Agriculture • Fears for US dryness spread to livestock industry
Fears for US dryness spread to livestock industry
Concerns about the impact of US dryness on crops have spread to livestock, with a warning that, with pasture conditions deteriorating, there is "plenty of room for worry" among cattle ranchers.
One of the major drivers in Chicago feeder cattle futures to record a high, on a spot lot basis, close to 160 cents a pound has been the switch to buying by southern US ranchers, who last year sold-down herds as a long-running drought dried up paddocks.
The proportion of Texas pasture rated "good" or "excellent" by the US Department of Agriculture stood at 27% as of Sunday, up from 9% in early June last year, and in Oklahoma at 50%, compared with 29% a year before.
Ranchers’ increasing willingness to rebuild herds is also evident in a reduced slaughter rate, which fell 16.5% last month, with a particular drop in beef cow liquidation in the south, a sign of producers keeping hold of breeding stock.
However, the improvement in southern grass condition, even to relatively weak levels in Texas, has not been mirrored elsewhere, with pastures nationwide rated 47% in good or excellent health, down from 53% a year before.
Missouri now shows as one of the states with the worst pasture condition, of 28%, compared with 64% a year ago.
"Pasture conditions are worse than a year ago and the 10-year average despite a significant improvement in the situation in Texas and Oklahoma," a report by Paragon Economics and Steiner Consulting said.
"The dividends of a warm winter and improved moisture conditions have largely been had," the briefing said, adding that the question now was whether dryness would force a revival in cow slaughter rates.
"Some early indications show that despite improvements in areas hit by drought last year, there is plenty of room for worry."

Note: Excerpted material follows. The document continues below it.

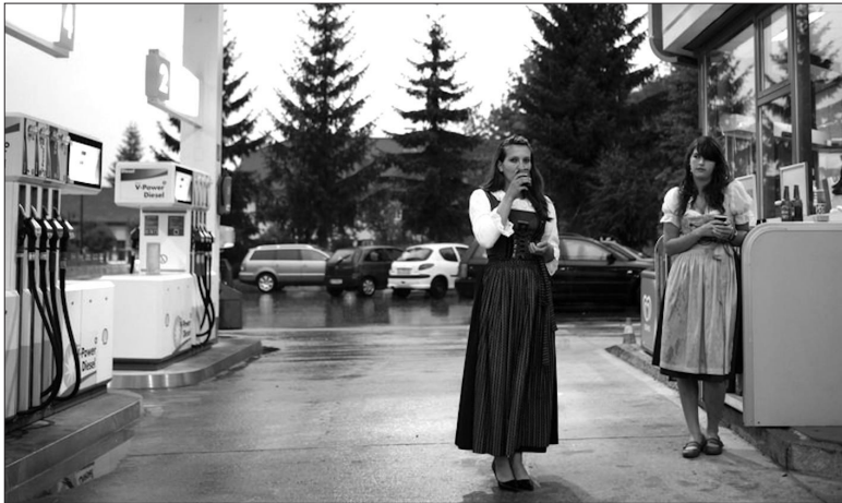
Abb. 1: »[Tiroler] Rennen nur in Trachten rum Das stimmt nicht, obwohl es manchmal praktisch wäre. So ein Dirndl ist auch im Sommer luftig leicht (außer die traditionellen Trachten, welche meist aus schweren Stoffen genäht sind) und steht jeder Frau, ob rund, dünn, alt oder jung. Und die waschresistenten Lederhosen sind sowieso der Hit. Auf Zeltfesten und Prozessionen aber ist das Tiroler Gewand für jeden traditionsbewussten Einheimischen ein Muss. Vielerorts im Gastgewerbe unter den Kellnerinnen und Kellnern auch. Hier nicht immer ganz freiwillig.«

Bemerkenswert ambivalent sind die aktuellen Botschaften der Tiroler Tourismuswerbung in ihrem Blog. Während teilweise unverhohlen »Noch heute ist Tracht und Tirol untrennbar verbunden« 13 proklamiert wird, wird an anderer Stelle die Vorstellung, alle Tiroler »rennen nur in Trachten rum« als zwar populäres aber unzutreffendes Vorurteil zurückgewiesen, allerdings auf der Bildebene in Form einer pseudodokumentarischen Werbefotografie zugleich wieder aufgerufen: 14

The comments come amid broader concerns over dryness in the Midwest which have led many analysts to question US Department of Agriculture forecasts for a record corn yield, of 166 bushels per acre, although USDA chief economist Joseph Glauber on Thursday urged caution over reduced estimates.
Official data on Tuesday rated more than half the Midwest as suffering abormally dry or drought conditions, compared with 1.2% a year before, besides 71% of the High Plains, up from 21%.
"A number of areas in the Midwest have experienced below-normal precipitation in the last month, negatively affecting pastures," Paragon and Steiner said.
In the South 85% was still unusually dry, although the severity of the moisture shortages were generally lower than a year before.
"If current conditions continue, then we will likely see more pressure around the country. Herd rebuilding will have to wait for another year."